Assignment | What should be copied is the stretch of entries below from the line with "Bereits im März" up to and including the line with "Zarif Streç Düğmeli Hırka", exactly and without images.

Material for this exercise |
======
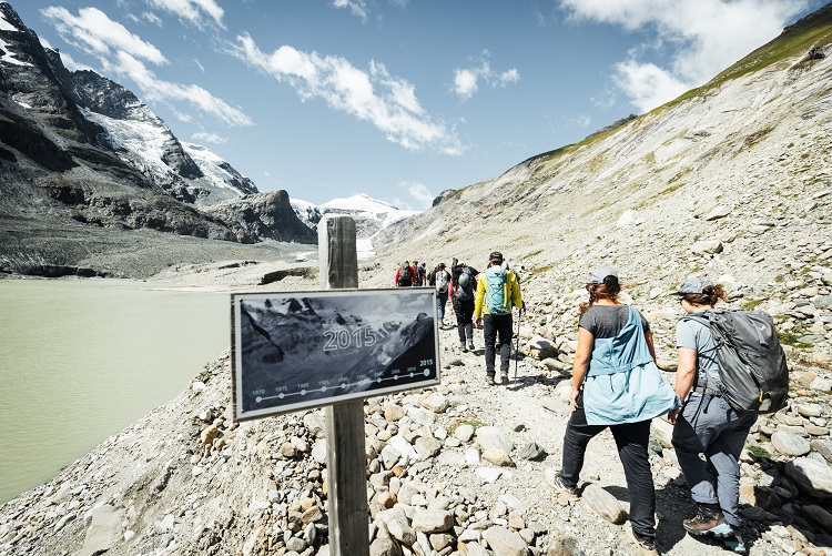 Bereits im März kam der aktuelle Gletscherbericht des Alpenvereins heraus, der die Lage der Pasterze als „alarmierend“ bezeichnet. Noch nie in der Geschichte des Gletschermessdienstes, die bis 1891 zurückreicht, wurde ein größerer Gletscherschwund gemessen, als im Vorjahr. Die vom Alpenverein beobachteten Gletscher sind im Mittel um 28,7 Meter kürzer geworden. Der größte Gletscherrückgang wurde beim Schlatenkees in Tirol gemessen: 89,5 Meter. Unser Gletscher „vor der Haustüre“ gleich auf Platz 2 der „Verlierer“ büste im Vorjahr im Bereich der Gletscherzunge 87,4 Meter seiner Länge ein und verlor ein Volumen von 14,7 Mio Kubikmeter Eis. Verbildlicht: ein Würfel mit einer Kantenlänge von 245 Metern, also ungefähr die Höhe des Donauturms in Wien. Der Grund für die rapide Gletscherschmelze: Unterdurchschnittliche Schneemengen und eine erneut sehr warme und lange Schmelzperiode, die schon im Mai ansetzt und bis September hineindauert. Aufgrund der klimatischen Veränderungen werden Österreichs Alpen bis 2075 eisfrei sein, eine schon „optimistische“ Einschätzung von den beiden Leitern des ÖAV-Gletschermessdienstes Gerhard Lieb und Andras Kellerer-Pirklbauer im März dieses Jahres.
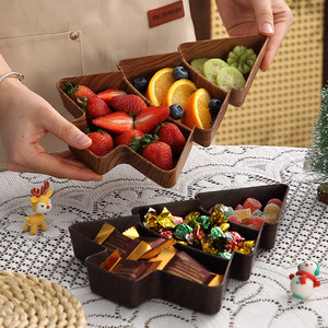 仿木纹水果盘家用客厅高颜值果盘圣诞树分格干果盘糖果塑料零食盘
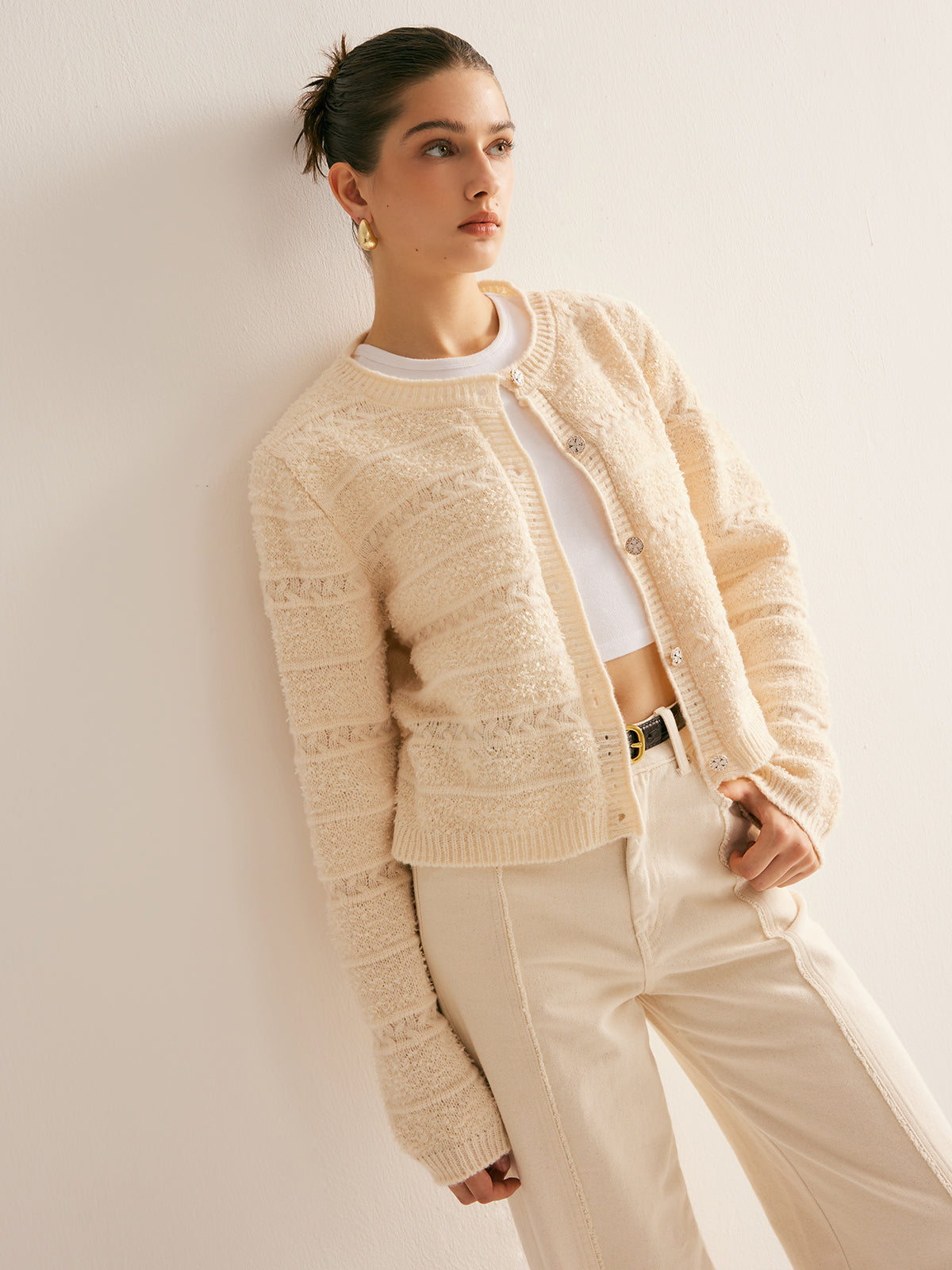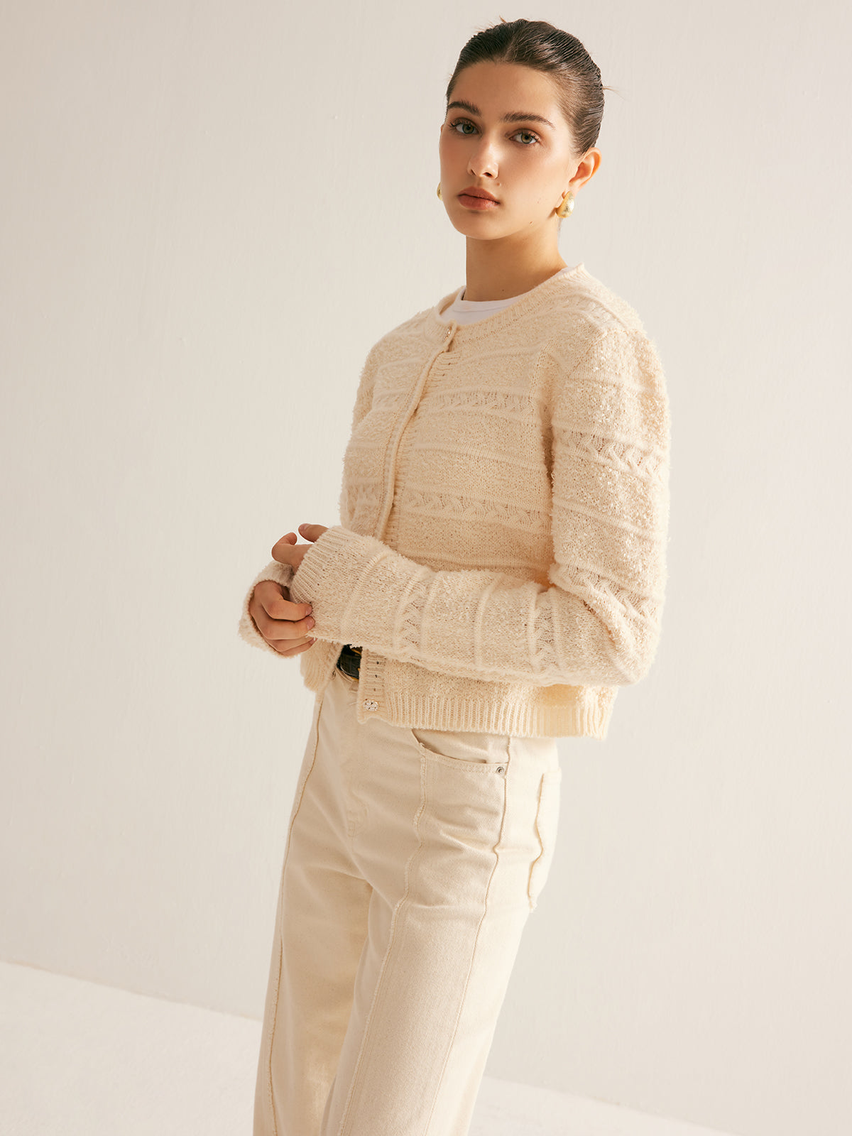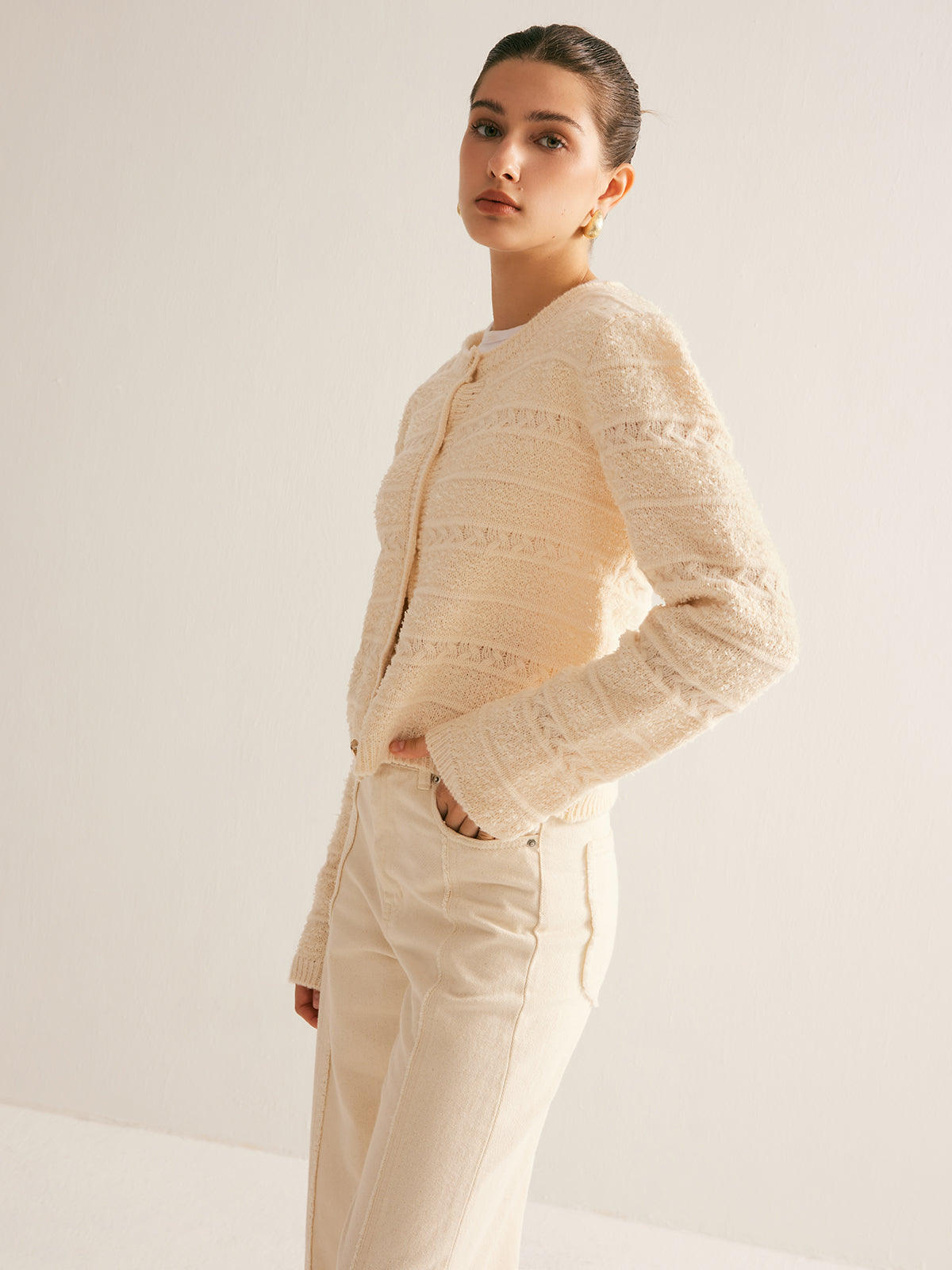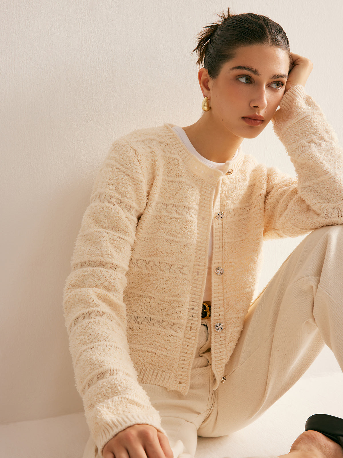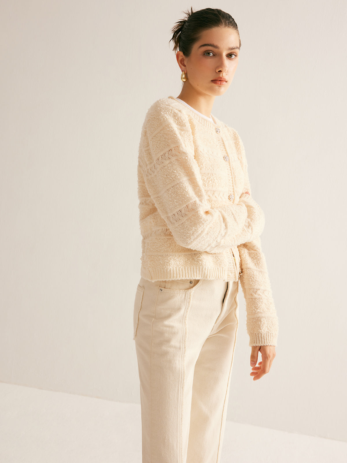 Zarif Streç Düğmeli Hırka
======
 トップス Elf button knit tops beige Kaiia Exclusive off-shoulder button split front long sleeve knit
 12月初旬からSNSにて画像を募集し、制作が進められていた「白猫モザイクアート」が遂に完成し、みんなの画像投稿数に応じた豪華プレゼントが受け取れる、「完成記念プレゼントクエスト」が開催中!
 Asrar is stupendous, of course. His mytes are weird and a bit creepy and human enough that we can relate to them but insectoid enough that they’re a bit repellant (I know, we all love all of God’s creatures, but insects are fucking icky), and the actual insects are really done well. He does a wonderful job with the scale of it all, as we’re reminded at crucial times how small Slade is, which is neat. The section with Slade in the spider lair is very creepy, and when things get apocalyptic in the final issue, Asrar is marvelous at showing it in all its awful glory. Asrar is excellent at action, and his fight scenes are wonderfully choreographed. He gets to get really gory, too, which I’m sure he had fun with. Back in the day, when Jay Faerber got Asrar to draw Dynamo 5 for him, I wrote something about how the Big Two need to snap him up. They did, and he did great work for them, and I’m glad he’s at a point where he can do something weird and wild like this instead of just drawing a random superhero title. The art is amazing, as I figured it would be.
======
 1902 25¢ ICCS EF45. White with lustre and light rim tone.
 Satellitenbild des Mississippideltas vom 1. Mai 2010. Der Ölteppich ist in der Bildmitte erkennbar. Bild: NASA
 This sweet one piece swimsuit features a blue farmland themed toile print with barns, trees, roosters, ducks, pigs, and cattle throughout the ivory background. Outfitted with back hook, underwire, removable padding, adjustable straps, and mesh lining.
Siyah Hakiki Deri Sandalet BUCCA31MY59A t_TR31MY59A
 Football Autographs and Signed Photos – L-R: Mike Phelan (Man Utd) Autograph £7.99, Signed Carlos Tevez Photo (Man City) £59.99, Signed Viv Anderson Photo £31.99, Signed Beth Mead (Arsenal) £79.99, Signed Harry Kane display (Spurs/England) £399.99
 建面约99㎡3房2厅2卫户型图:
======
Result for this exercise |
 Bereits im März kam der aktuelle Gletscherbericht des Alpenvereins heraus, der die Lage der Pasterze als „alarmierend“ bezeichnet. Noch nie in der Geschichte des Gletschermessdienstes, die bis 1891 zurückreicht, wurde ein größerer Gletscherschwund gemessen, als im Vorjahr. Die vom Alpenverein beobachteten Gletscher sind im Mittel um 28,7 Meter kürzer geworden. Der größte Gletscherrückgang wurde beim Schlatenkees in Tirol gemessen: 89,5 Meter. Unser Gletscher „vor der Haustüre“ gleich auf Platz 2 der „Verlierer“ büste im Vorjahr im Bereich der Gletscherzunge 87,4 Meter seiner Länge ein und verlor ein Volumen von 14,7 Mio Kubikmeter Eis. Verbildlicht: ein Würfel mit einer Kantenlänge von 245 Metern, also ungefähr die Höhe des Donauturms in Wien. Der Grund für die rapide Gletscherschmelze: Unterdurchschnittliche Schneemengen und eine erneut sehr warme und lange Schmelzperiode, die schon im Mai ansetzt und bis September hineindauert. Aufgrund der klimatischen Veränderungen werden Österreichs Alpen bis 2075 eisfrei sein, eine schon „optimistische“ Einschätzung von den beiden Leitern des ÖAV-Gletschermessdienstes Gerhard Lieb und Andras Kellerer-Pirklbauer im März dieses Jahres.
 仿木纹水果盘家用客厅高颜值果盘圣诞树分格干果盘糖果塑料零食盘
 Zarif Streç Düğmeli Hırka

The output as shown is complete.